Salsburg, D. 2001.
``
The Lady Tasting Tea
-- How statistics revolutionized science
in the twentieth century''.
Owl Book.
Chapter 12. The Confidence Trick
Neymans's solution
How does one comupte an interval estimate?
How does one interpret an interval estimate?
Can we make a probability statement about an interval
estimate?
How sure are we that true value of the parameter lies
withing the interval?
In 1934, Jerzy Neyman presented a talk before the Royal
Statistical Society, entitled ``On the Two Different
Aspects of the Representative Method.'' His paper dealt
with the analysis of sample surveys; it has the elegance
of most of his work, deriving what appear to be simple
mathematical expressions that are intuitively obvious
(only after Neyman has derived them). The most important
part of this paper is in an appendix, in which Neyman
proposes a straightforward way to create an interval
esitmate and to determine how accurate that estimate is.
Neyman called this new procedure ``confidence intervals,''
and the ends of the confidence intervals he called
``confidence bounds.''
R.A. Fisher was also among the discussants, but he missed
this point. His discussion was a rambling and confused
collection of references to thing that Neyman did not
even include in his paper. This is because Fisher was in
the midst of confusion over the calculation of interval
estimates. In his comments, he referred to ``fiducial
probability,'' a phrase that does not appear in Neyman's
paper. Fisher had long been struggling with this very
problem -- how to determine the degree of uncertainty
associated with an interval estimate of a parameter.

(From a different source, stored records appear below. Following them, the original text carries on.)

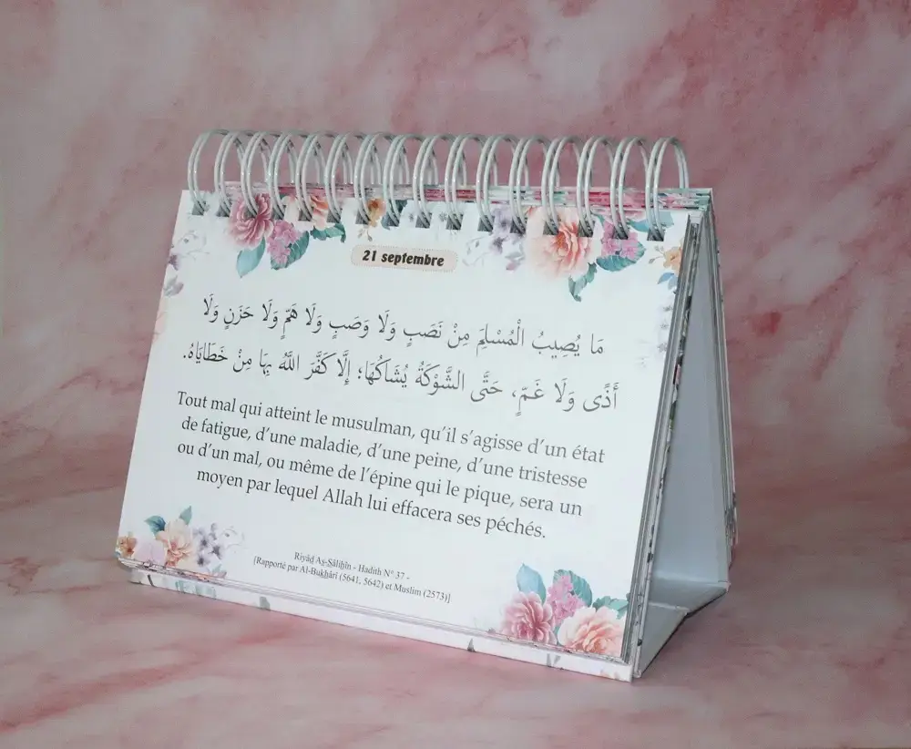Inspiré de Riyâd As-Sâlihîn et des 40 hadiths Nawawî, ce calendrier est un incontournable pour tous les musulmans souhaitant approfondir leurs connaissances religieuses et parfaire leur pratique cultuelle. Chaque jour, vous découvrirez un nouveau hadith authentique à méditer et à appliquer dans votre vie quotidienne, vous aidant ainsi à vous enrichir spirituellement et à suivre la voie de notre bien-aimé Muhammad (SAW).
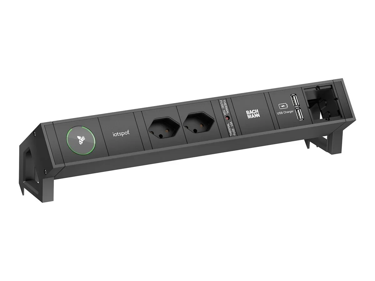 Bachmann DESK 2 - Steckdosenleiste - AC - Eingabe, Eingang GST18 - Ausgangsanschlüsse: 2 (T13, 2 x USB) - 20 cm Schnur - Schweiz - Schwarz, RAL 9005
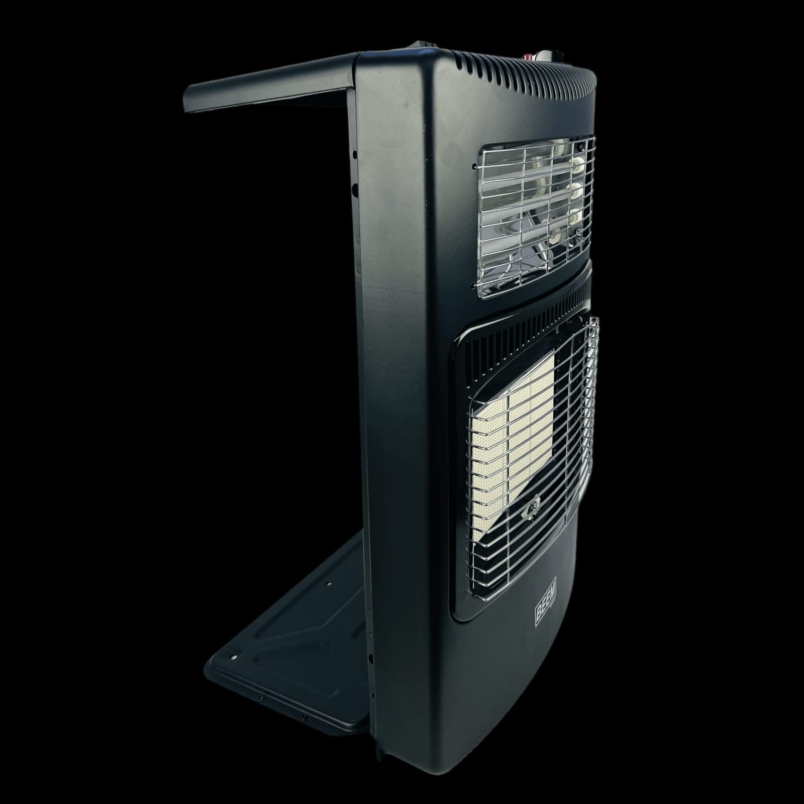 تتميز المدفأة بتقنية مزدوجة تجمع بين الغاز والكهرباء لتحقيق تدفئة فعّالة. يوفر الغاز تسخينًا سريعًا، في حين توفر الكهرباء استمرارية في توزيع الحرارة.
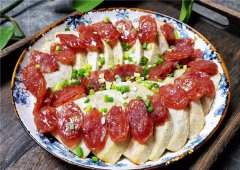 香芋 1个 广式腊肠 2条 葱花 适量 油 适量 盐 适量 酱油 适量 糖 适量 胡椒粉 适量 鸡粉 少许 1.芋头一个。 2.广式腊肠两条,小葱适量。 3.芋头切成厚块。 4.放盐、油、酱油、胡椒粉、鸡粉、糖拌匀。 5.拌匀后摆入盘
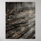 Massive dark shadows are thrown over the brown earth in the midst of a misty foggy forest.

Fisher was working at the problem from a complicated angle
somewhat related to his likelihood function. As he quickly
proved, this way of looking at the formula did not meet
the requirements of a probability distribution. Fisher
called this function a ``fiducial distribution,'' but then
he violated his own insights by applying the same
mathematics one might apply to a proper probability
distribution. The result, Fisher hoped, would be a set of
values that was reasonable for the parameter, in the face
of the observed data.
This was exactly what Neyman produced, and if the
parameter was the mean of the normal distribution, both
methods produced the same answers. From this, Fisher
concluded that Neyman had stolen his idea of fiducial
distribution and given it a different name. Fisher never
got far with his fiducial distributions, because the
method broke down with other more complicated parameters,
like the standard deviation. Neyman's method works with
any type of parameter. Fisher never appeared to understand
the difference between the two approaches, insisting to
the end of his life that Neyman's confidence intervals
were, at most, a generalization of his fiducial intervals.
He was sure that Neyman's apparent generalization would
break down when faced with a sufficiently complicated
problem -- just as his own fiducial intervals had.